[antlr-interest] Tweaking a source file.

Tue Oct 17 20:32:02 PDT 2006

I'm new to ANTLR and although I'm generally a quick study when it comes to
languages, I could use a little help because I'm on a hard deadline.

I want to write a preprocessor for a simplified boo language (boo is a
language that resembles Python). The preprocessor will process "unit"
declarations for a unit checker. For example, you could write code like
this:

def Energy(mass as double `kg`, speed as double `m/s`):
    return 0.5*mass*Square(speed)

def Square(x as double):
    return x*x

Then, the unit checker could automatically deduce that the return value of
Energy() is measured in kg*m^2/s^2. It also has to spit out a new source
file without the unit information:

def Energy(mass as double, speed as double):
    return 0.5*mass*Square(speed)
....

So, the unit checker needs to:

1. Strip out unit information such as `m/s`, to produce a new source file.
2. Create an AST, in order to do semantic analysis (i.e. unit checking.)
3. Process newlines and indentation as part of the syntax.
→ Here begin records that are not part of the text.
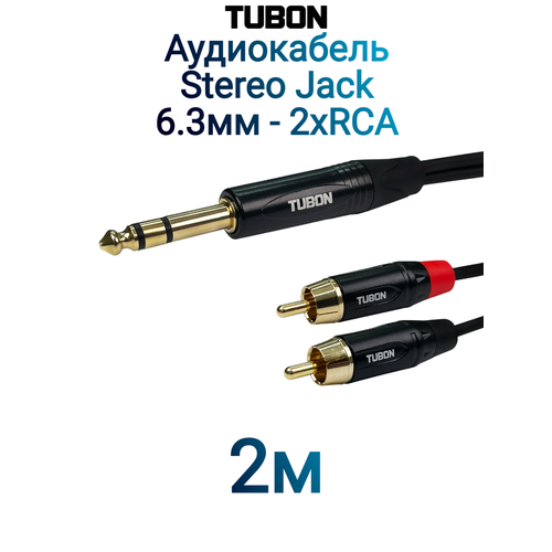 Кабель TUBON Аудио межблочный 6.3 мм jack (M) Stereo - 2 x RCA (M) OD4.0 ПВХ J2R002 2м
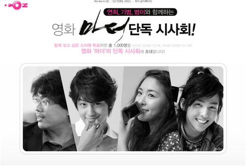 LG텔레콤(대표 정일재)은 모바일 인터넷 서비스 오즈(OZ)의 광고 모델인 김범, 김기범, 이연희 그리고 봉준호 감독과 함께 영화 '마더'의 특별 시사회를 오는 27일에 개최한다.
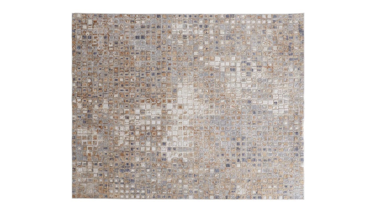 The Laina Rug in Beige & Rust captivates with its unrivaled elegance, featuring a textural high-low effect, soft color palette, and intricate mosaic designs atop a durable drop-stitched Lurex® metallic base, perfect for enhancing any living space.

The first decision I need to make is, should I use ANTLR 2 or ANTLR 3? The
readme for ANTLR 3 says "For example, to read in some input, tweak it, and
write it back out preserving whitespace, is easy in v3." That sounds great
because it is exactly what I need to accomplish.  But how can it be done?
Does an example exist? For my application, I think an observer inserted
between the lexer and parser can do the job--I just don't know the details.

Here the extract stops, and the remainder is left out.